Leave out any pictures and transcribe all other data below exactly.
Collected material Block Start
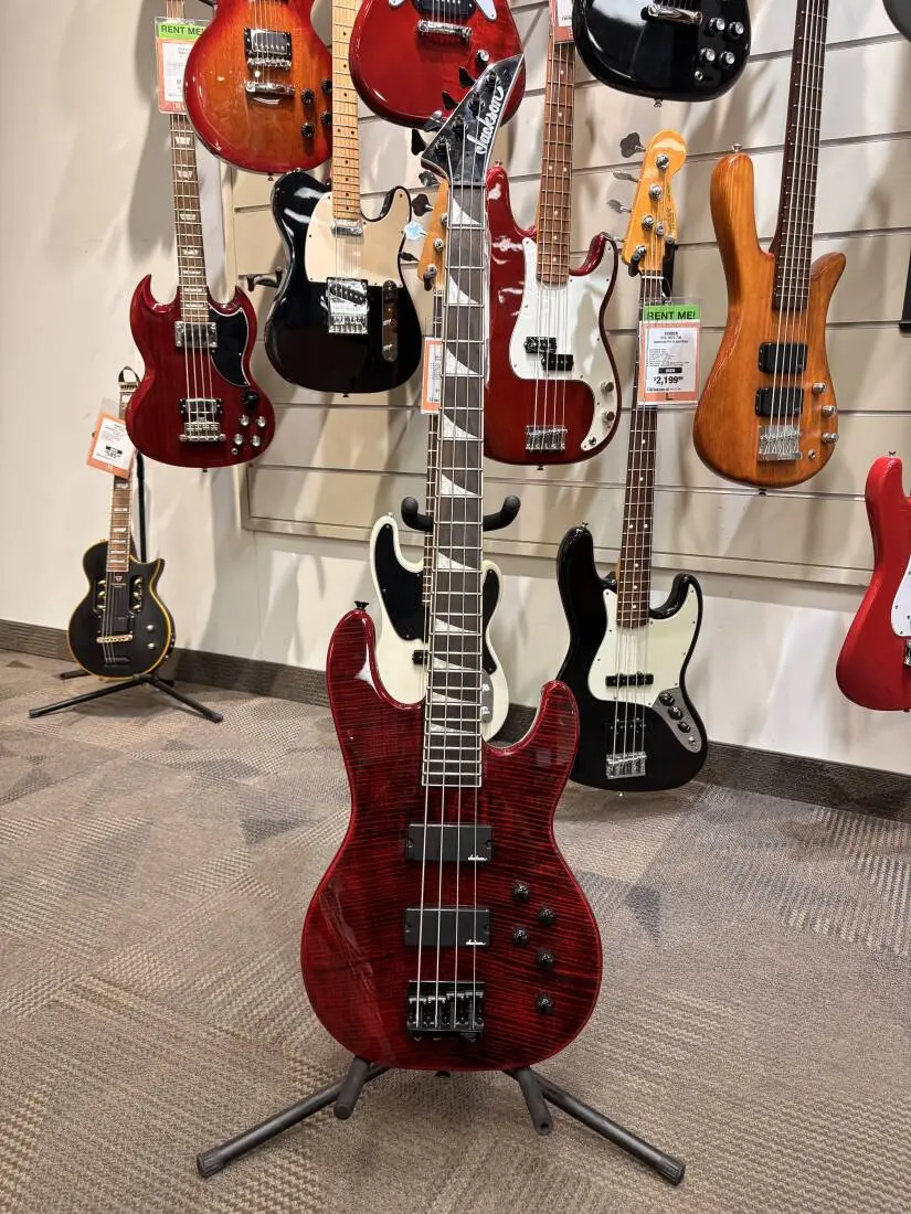 The heart of this beast is a pair of Jackson® High Output Humbucking Bass pickups mated to an active 3-band EQ circuit, adding punch, cut, rumble or grunt to your sound - shaping it with razor-sharp precision before it ever hits an amplifier. A Jackson HiMass bridge enhances note attack and sustain without altering your carefully crafted tone while the sealed die-cast tuning machines keep the strings in tune, no matter how hard you dig into them. The one-piece neck-through-body design generates formidable sustain while the Speed Neck contour and 12"-16" compound radius rosewood fingerboard make for lightning-fast playability.
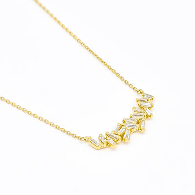 Experience the brilliance of our "Diamond Triplet" pendant necklace, where three captivating clusters of natural diamonds come together to form an enchanting focal point. Each cluster, boasting brilliant-cut diamonds with a total weight of 0.33 carats, showcases exceptional clarity and radiance, ensuring that every movement ignites a dazzling display of light.
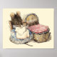 O desenho de Beatrix Potter mostra a Sra. Dorminhoco segurando seu novo bebê no berçário enquanto as outras crianças se balançam no berço.
Collected material Block End
**Exercise result**
 The heart of this beast is a pair of Jackson® High Output Humbucking Bass pickups mated to an active 3-band EQ circuit, adding punch, cut, rumble or grunt to your sound - shaping it with razor-sharp precision before it ever hits an amplifier. A Jackson HiMass bridge enhances note attack and sustain without altering your carefully crafted tone while the sealed die-cast tuning machines keep the strings in tune, no matter how hard you dig into them. The one-piece neck-through-body design generates formidable sustain while the Speed Neck contour and 12"-16" compound radius rosewood fingerboard make for lightning-fast playability.
 Experience the brilliance of our "Diamond Triplet" pendant necklace, where three captivating clusters of natural diamonds come together to form an enchanting focal point. Each cluster, boasting brilliant-cut diamonds with a total weight of 0.33 carats, showcases exceptional clarity and radiance, ensuring that every movement ignites a dazzling display of light.
 O desenho de Beatrix Potter mostra a Sra. Dorminhoco segurando seu novo bebê no berçário enquanto as outras crianças se balançam no berço.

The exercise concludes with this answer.